9.3.1 Cardiovascular Infections
Imaging plays a key role in the diagnosis of infective endocarditis (IE). Echocardiography is useful for diagnosis, risk stratification, prognosis, guiding treatment (medical vs. surgical), and monitoring re sponse to treatment. The major echocardiographic criteria for IE are vegetation and abscess. The sensitivity for diagnosis of vegetations is 75% for transthoracic echocardiography (TTE) and 85 to 90% for transesophageal echocardiography (TEE). Abscess is the second most typical finding associated with IE. The sensitivities of TTE and TEE for detecting abscesses are about 50 and 90%, respectively. Although echocardiography is the primary imaging modality used to diagnose IE, there are limitations to the test. Atypical findings are frequent, and the test may be false-negative in up to 15% of patients in whom there are preexisting conditions, such as mitral valve prolapse, and in the presence of prosthetic valves. 6
Until recently, the use of radionuclide imaging in suspected IE was limited. The development of hybrid imaging has stimulated renewed interest in radionuclide imaging for diagnosing IE and its complications. Although most investigations have focused on fluorine-18 fluorodeoxyglucose (18F-FDG) positron emission tomography/CT (PET/CT), labeled leukocyte SPECT/CT shows considerable promise. Erba et al 7 assessed the value of 99mTc-WBC scintigraphy including SPECT/CT in 131 consecutive patients with suspected IE. Results were correlated with TTE or TEE, blood cultures, and the Duke criteria. These investigators reported that 99mTc-WBC SPECT/CT was 96% (46/51) sensitive and 100% specific (80/80) for IE. Extracardiac uptake of 99mTc-WBC was present in nearly half of the patients with IE. 99mTc-WBC SPECT/CT was useful in patients with possible IE by the Duke criteria. The scan was especially valuable in patients with negative or difficult-to-interpret echocardiograms. Three patients with marantic vegetations who had false-positive echocardiograms were true negative on 99mTc-WBC SPECT/CT. These investigators concluded that 99mTc-WBC SPECT/CT reduces the rate of misdiagnosis of IE when combined with standard diagnostic tests when clinical suspicion is high but echocardiography is inconclusive; when there is a need to differentiate between septic and sterile vegetations detected on echocardiography; when echocardiographic, laboratory, and clinical data are contradictory, and when valve involvement (especially prosthetic valves) needs to be excluded during febrile episodes, sepsis, or postoperative infections.

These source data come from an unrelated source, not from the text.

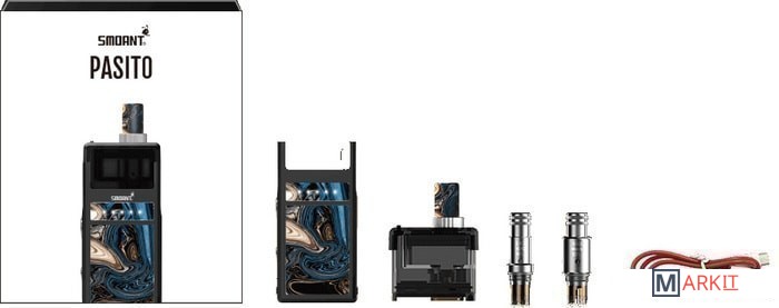 1 x Pasito mod1 x Pasito cartridge1 x MTL 1.4Ω Ni-80 coil1 x DTL 0.6Ω mesh coil1 x Type-C charging cable1 x Coil warning card1 x Certificate card1 x Warranty card1 x User manual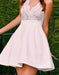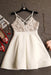 Spaghetti Straps Ivory V-neck Lace Top Satin Homecoming Dresses Mini Prom Dress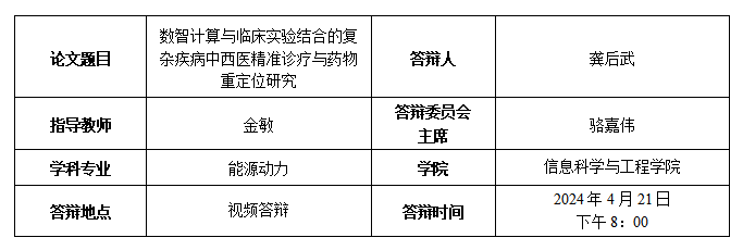金敏,龚后武. 融合GHP与GCN的中西药物重定位方法及系统与存储介质.(专利号:CN202111658146.1,授权公告号:CN114242186B,2022-08-12)[部分对应第6章研究内容, 导师一作,本人二作]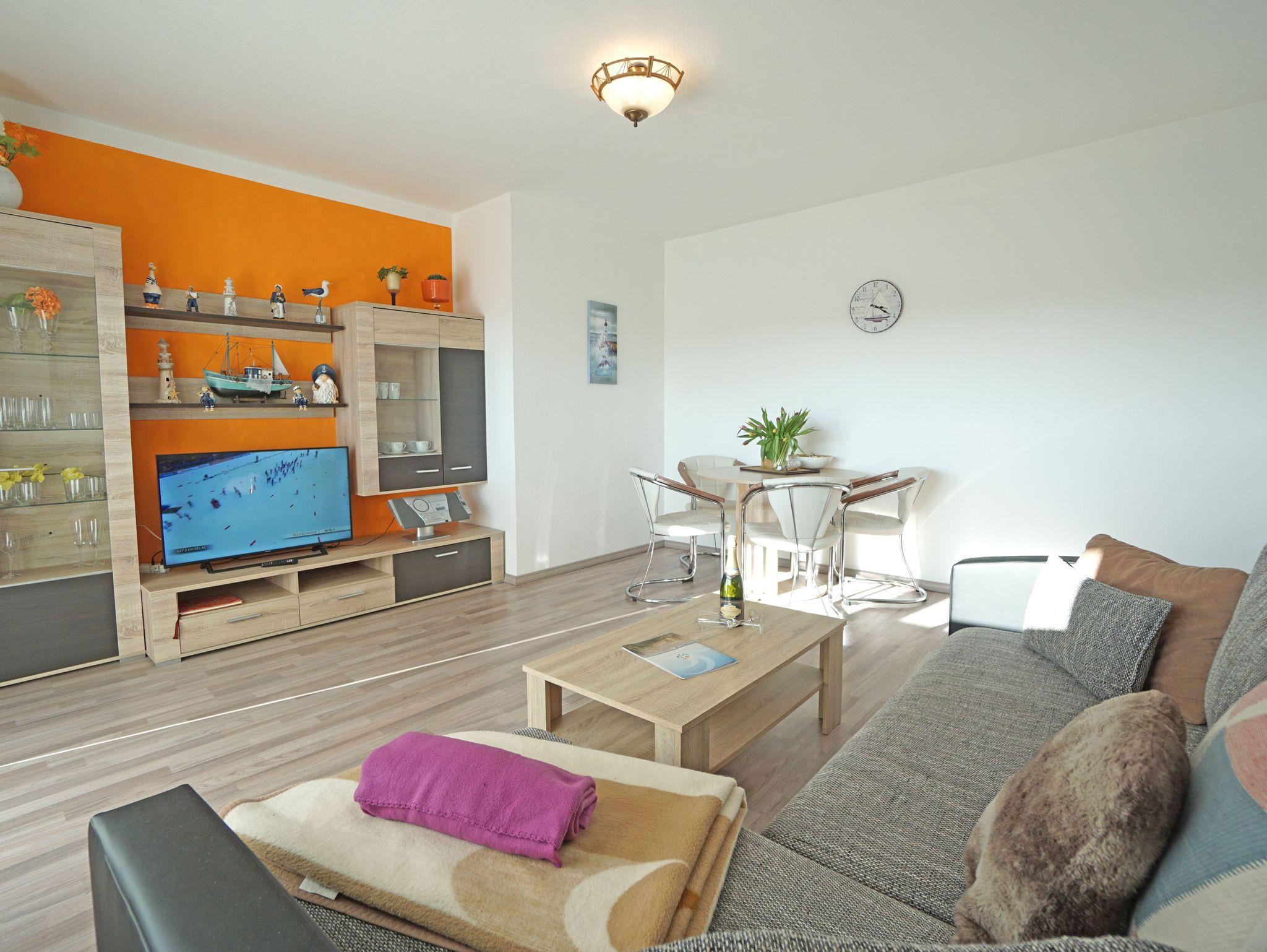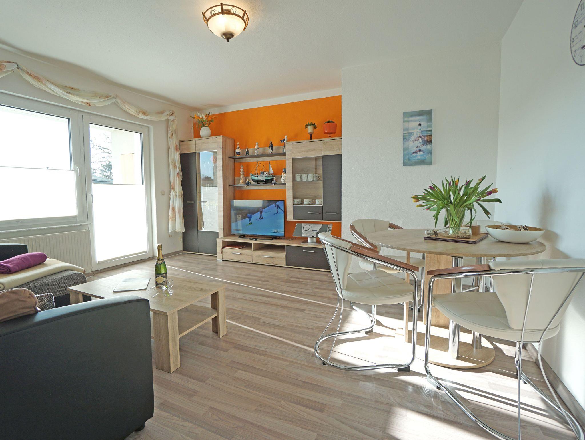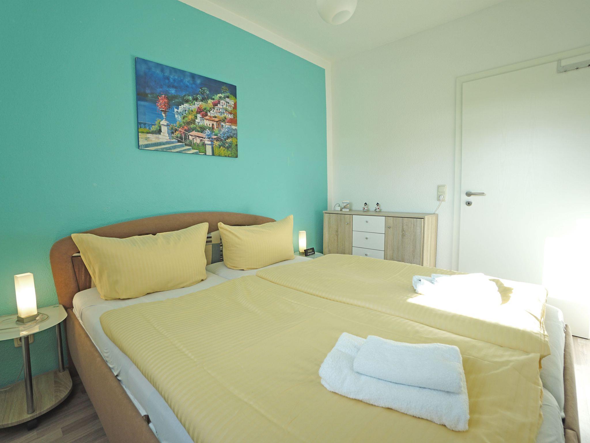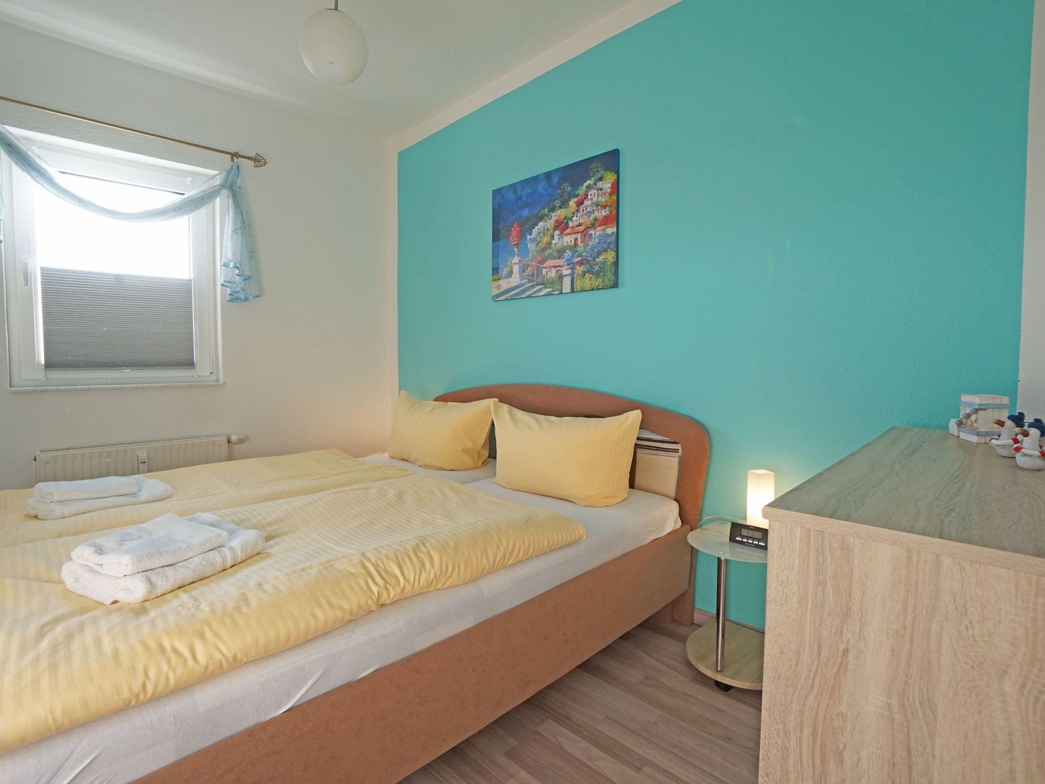 Sie wohnen in einer gemütlichen, hellen 2-Zimerwohnung in Heringsdorf. Die Wohnung befindet sich im Obergeschoß eines zweistöckigen Wohnhauses mit 5 Wohnungseinheiten. Die Wohnung besteht aus einem Wohnzimmer mit einer Doppelbettcouch, Schlafzimmer mit einem Doppelbett, separater Küche mit Essplatz, Bad mit Dusche und einem Balkon. Außerhalb der Wohnung befindet sich ein Abstellraum für z.B. Fahrräder und ein kostenloser Stellplatz für ein Auto.

IE is a serious complication of valve replacement that occurs in up to 6% of patients with prosthetic valves. The diagnosis of IE by echocardiography is more difficult when a prosthetic valve is involved than when a native valve is involved. The Duke criteria are less helpful in prosthetic valve endocarditis (PVE) because of lower sensitivity. TEE is mandatory in the evaluation of suspected PVE because of its higher sensitivity and specificity for the detection of vegetations, abscesses, and peri-valvular lesions in patients with prosthetic valves.6 Hyafil et al 8 studied 42 patients with suspected PVE and reported that patient management was affected by the results of 99mTc-WBC SPECT/CT in 12 (29%) patients (► Fig. 9.8).

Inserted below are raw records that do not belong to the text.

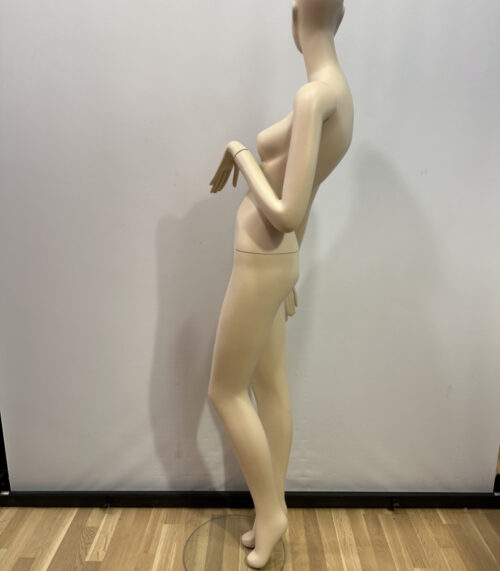 Weibliche Schaufensterpuppe aus Kunststoff mit Glasstandfuss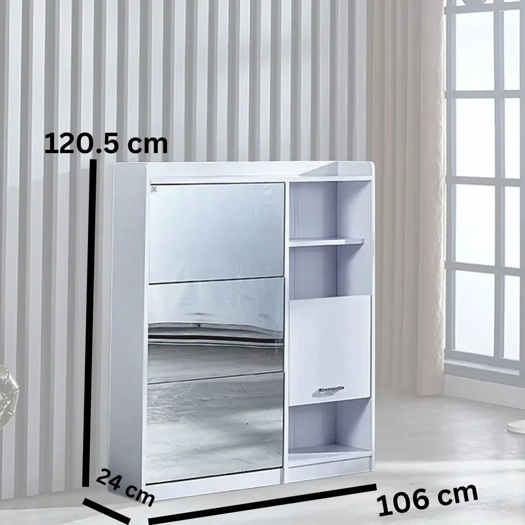اجمع بين الراحة والأناقة مع خزانة الأحذية الخشبية من بوكس برو، المصممة لتلبية احتياجاتك اليومية بطريقة عملية وراقية. تتميز بمرآة مدمجة بحجم مناسب، ومقعد قابل للطي لارتداء الأحذية بسهولة، مع مساحة تخزين منظمة وعصرية.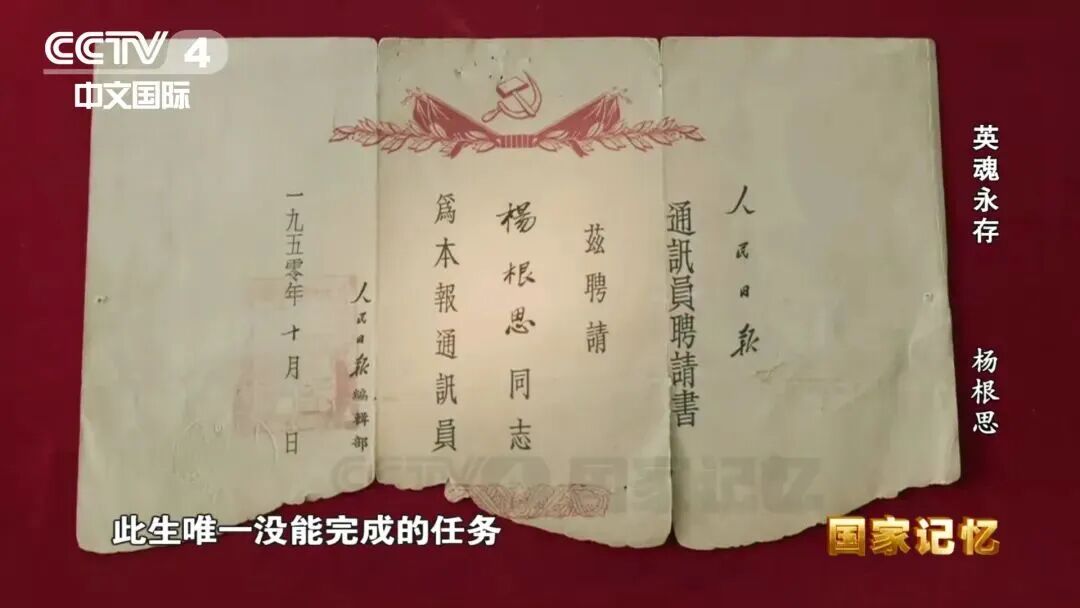 这一年,杨根思曾被《人民日报》社聘为特约通讯员。然而,杨根思没能用笔记录下他在战场上的经历,特约通讯员成为了他此生唯一没能完成的任务。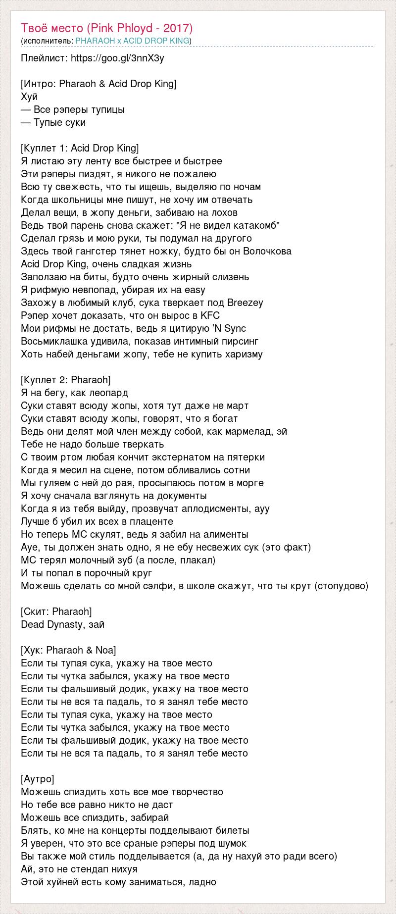 Плейлист: https://goo.gl/3nnX3y [Интро: Pharaoh & Acid Drop King] Хуй — Все рэперы тупицы — Тупые суки [Куплет 1: Acid Drop King] Я листаю эту ленту все быстрее и быстрее Эти рэперы пиздят, я никого не пожалею Всю ту свежесть, что ты ищешь, выделяю по ночам Когда школьницы мне пишут, не хочу им отвечать Делал вещи, в жопу деньги, забиваю на лохов Ведь твой парень снова скажет: "Я не видел катакомб" Сделал грязь и мою руки, ты подумал на другого Здесь твой гангстер тянет ножку, будто бы он Волочкова Acid Drop King, очень сладкая жизнь Заползаю на биты, будто очень жирный слизень Я рифмую невпопад, убирая их на easy Захожу в любимый клуб, сука тверкает под Breezey Рэпер хочет доказать, что он вырос в KFC Мои рифмы не достать, ведь я цитирую ’N Sync Восьмиклашка удивила, показав интимный пирсинг Хоть набей деньгами жопу, тебе не купить харизму [Куплет 2: Pharaoh] Я на бегу, как леопард Суки ставят всюду жопы, хотя тут даже не март Суки ставят всюду жопы, говорят, что я богат Ведь они делят мой член между собой, как мармелад, эй Тебе не надо больше тверкать С твоим ртом любая кончит экстернатом на пятерки Когда я месил на сцене, потом обливались сотни Мы гуляем с ней до рая, просыпаюсь потом в морге Я хочу сначала взглянуть на документы Когда я из тебя выйду, прозвучат аплодисменты, ayy Лучше б убил их всех в плаценте Но теперь MC скулят, ведь я забил на алименты Aye, ты должен знать одно, я не ебу несвежих сук (это факт) MC терял молочный зуб (а после, плакал) И ты попал в порочный круг Можешь сделать со мной сэлфи, в школе скажут, что ты крут (стопудово) [Скит: Pharaoh] Dead Dynasty, зай [Хук: Pharaoh & Noa] Если ты тупая сука, укажу на твое место Если ты чутка забылся, укажу на твое место Если ты фальшивый додик, укажу на твое место Если ты не вся та падаль, то я занял тебе место Если ты тупая сука, укажу на твое место Если ты чутка забылся, укажу на твое место Если ты фальшивый додик, укажу на твое место Если ты не вся та падаль, то я занял тебе место [Аутро] Можешь спиздить хоть все мое творчество Но тебе все равно никто не даст Можешь все спиздить, забирай Блять, ко мне на концерты подделывают билеты Я уверен, что это все сраные рэперы под шумок Вы также мой стиль подделывается (а, да ну нахуй это ради всего) Ай, это не стендап нихуя Этой хуйней есть кому заниматься, ладно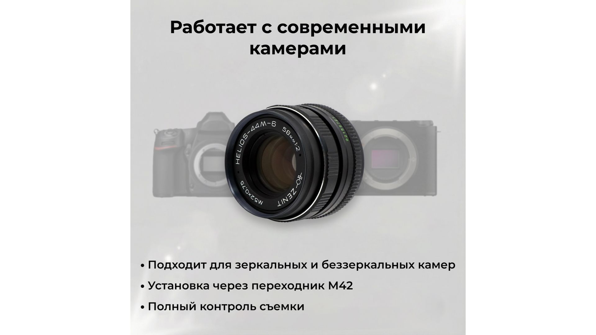 Подходит для современных зеркальных и беззеркальных камер через адаптер

The development of severe prosthetic dehiscence requiring cardiac surgery was closely related to the extent of perivalvular infection, and in this investigation, 99mTc-WBC SPECT/CT was more accurate than echocardiography for delineating the extent of infection in perivalvular regions. These investigators also found that intensity of 99mTc-WBC uptake might be useful to distinguish between those patients needing surgery and those for whom medical therapy is sufficient. They concluded that 99mTc-WBC SPECT/CT is useful in patients with suspected PVE and inconclusive TEE.